Write the data out in full and word for word. Do not include images.

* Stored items
-=-=-=-=-

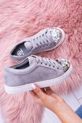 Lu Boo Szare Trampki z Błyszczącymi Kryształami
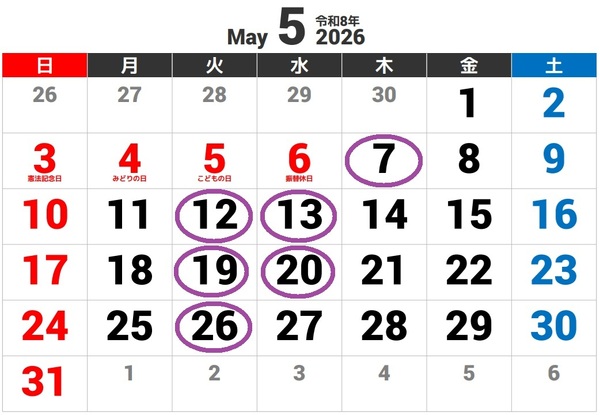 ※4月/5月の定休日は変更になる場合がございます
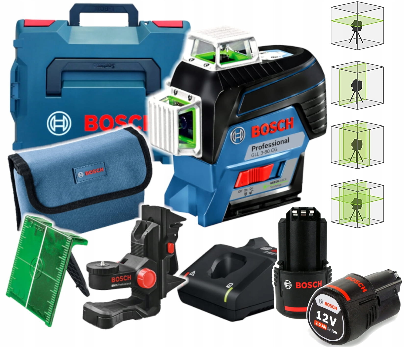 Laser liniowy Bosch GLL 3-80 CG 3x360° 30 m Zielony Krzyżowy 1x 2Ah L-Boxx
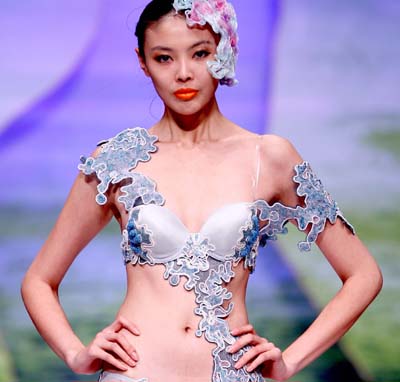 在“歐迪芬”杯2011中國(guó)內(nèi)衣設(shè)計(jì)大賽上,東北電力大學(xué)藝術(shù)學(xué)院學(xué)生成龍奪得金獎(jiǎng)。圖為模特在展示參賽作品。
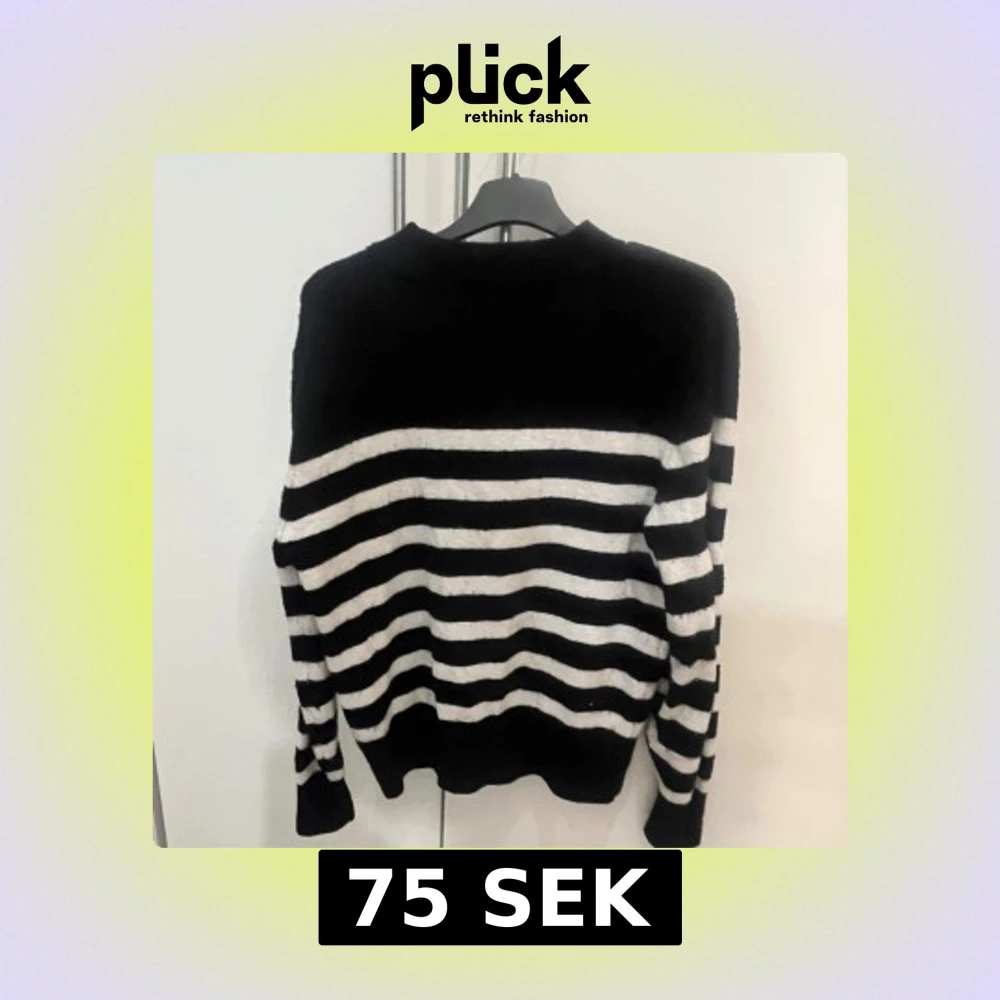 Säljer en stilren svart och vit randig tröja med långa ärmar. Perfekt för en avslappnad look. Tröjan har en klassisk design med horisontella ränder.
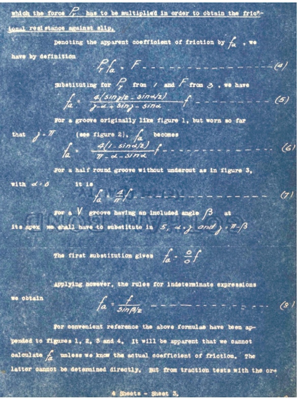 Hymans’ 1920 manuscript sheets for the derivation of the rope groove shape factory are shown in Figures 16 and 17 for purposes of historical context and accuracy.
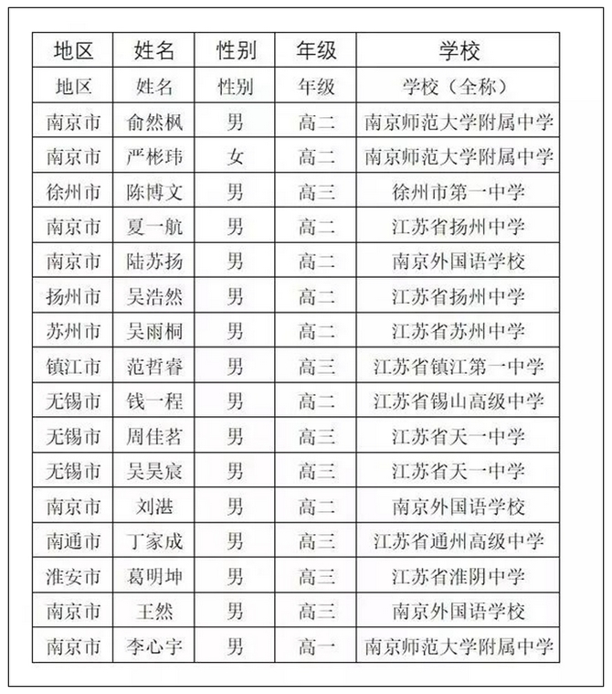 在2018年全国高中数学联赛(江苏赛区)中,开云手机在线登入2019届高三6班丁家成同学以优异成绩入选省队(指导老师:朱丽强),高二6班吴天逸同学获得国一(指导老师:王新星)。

-=-=-=-=-

* YOUR RESPONSE
 Lu Boo Szare Trampki z Błyszczącymi Kryształami
 ※4月/5月の定休日は変更になる場合がございます
 Laser liniowy Bosch GLL 3-80 CG 3x360° 30 m Zielony Krzyżowy 1x 2Ah L-Boxx
 在“歐迪芬”杯2011中國(guó)內(nèi)衣設(shè)計(jì)大賽上,東北電力大學(xué)藝術(shù)學(xué)院學(xué)生成龍奪得金獎(jiǎng)。圖為模特在展示參賽作品。
 Säljer en stilren svart och vit randig tröja med långa ärmar. Perfekt för en avslappnad look. Tröjan har en klassisk design med horisontella ränder.
 Hymans’ 1920 manuscript sheets for the derivation of the rope groove shape factory are shown in Figures 16 and 17 for purposes of historical context and accuracy.
 在2018年全国高中数学联赛(江苏赛区)中,开云手机在线登入2019届高三6班丁家成同学以优异成绩入选省队(指导老师:朱丽强),高二6班吴天逸同学获得国一(指导老师:王新星)。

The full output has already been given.